■ EXERCISE DIRECTIONS
No line before the one holding "Panneau d'interdiction avec" is to be copied; that line and all after it, through the end of the listing, are returned exactly, minus pictures.

■ AVAILABLE DATA
= = =
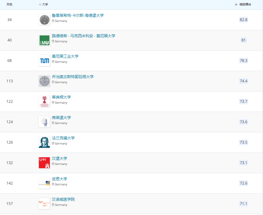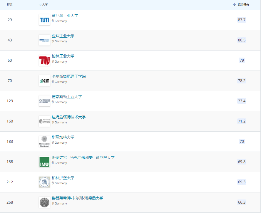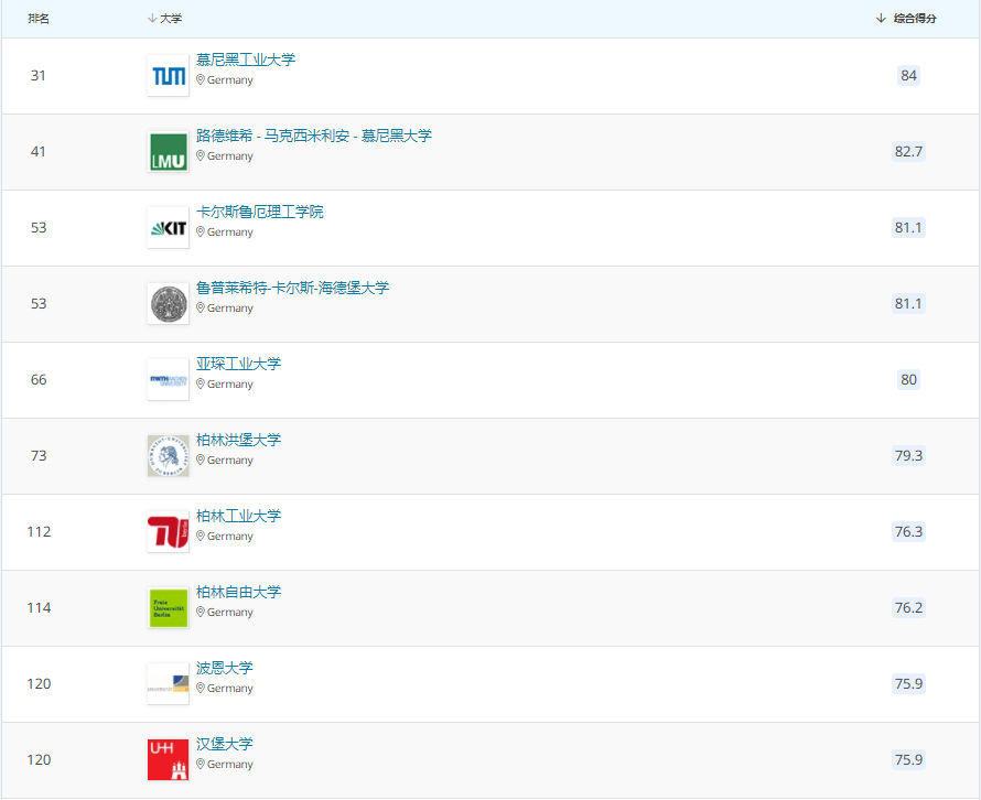 好勒,了解完排名方式后,接下来就是重点啦,本次德国大学学科排名的情况。
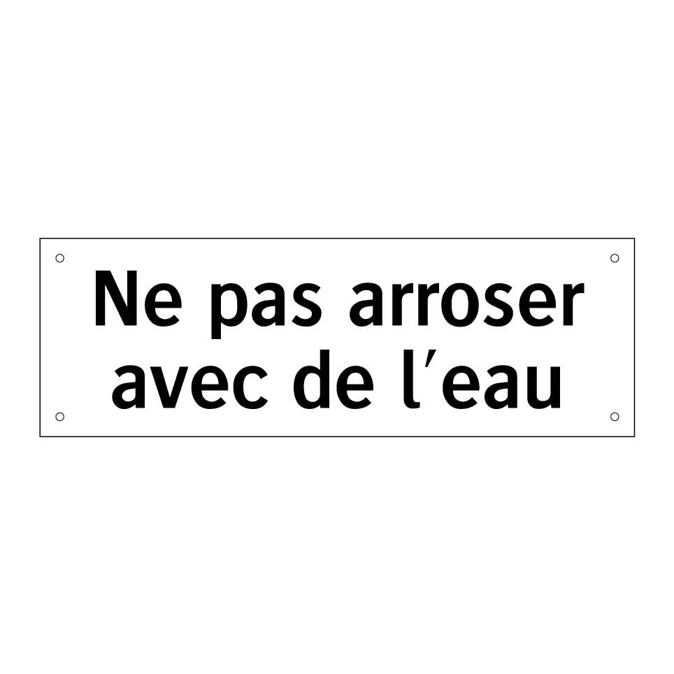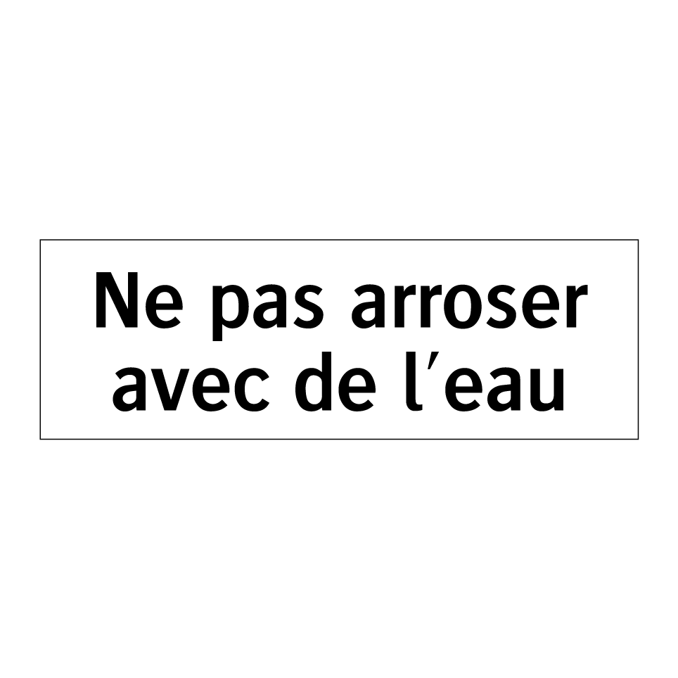 Panneau d'interdiction avec le texte : "Ne pas arroser avec de l'eau"
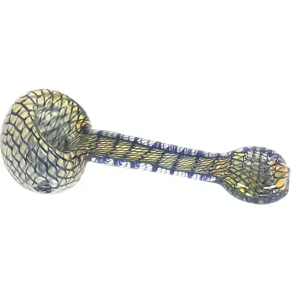 Skleněná fajfka z odolného borosilikátového skla s bočním turbem. Fajka se zploštělým náústkem.
= = =
■ SOLUTION TO THIS PROBLEM
 Panneau d'interdiction avec le texte : "Ne pas arroser avec de l'eau"
 Skleněná fajfka z odolného borosilikátového skla s bočním turbem. Fajka se zploštělým náústkem.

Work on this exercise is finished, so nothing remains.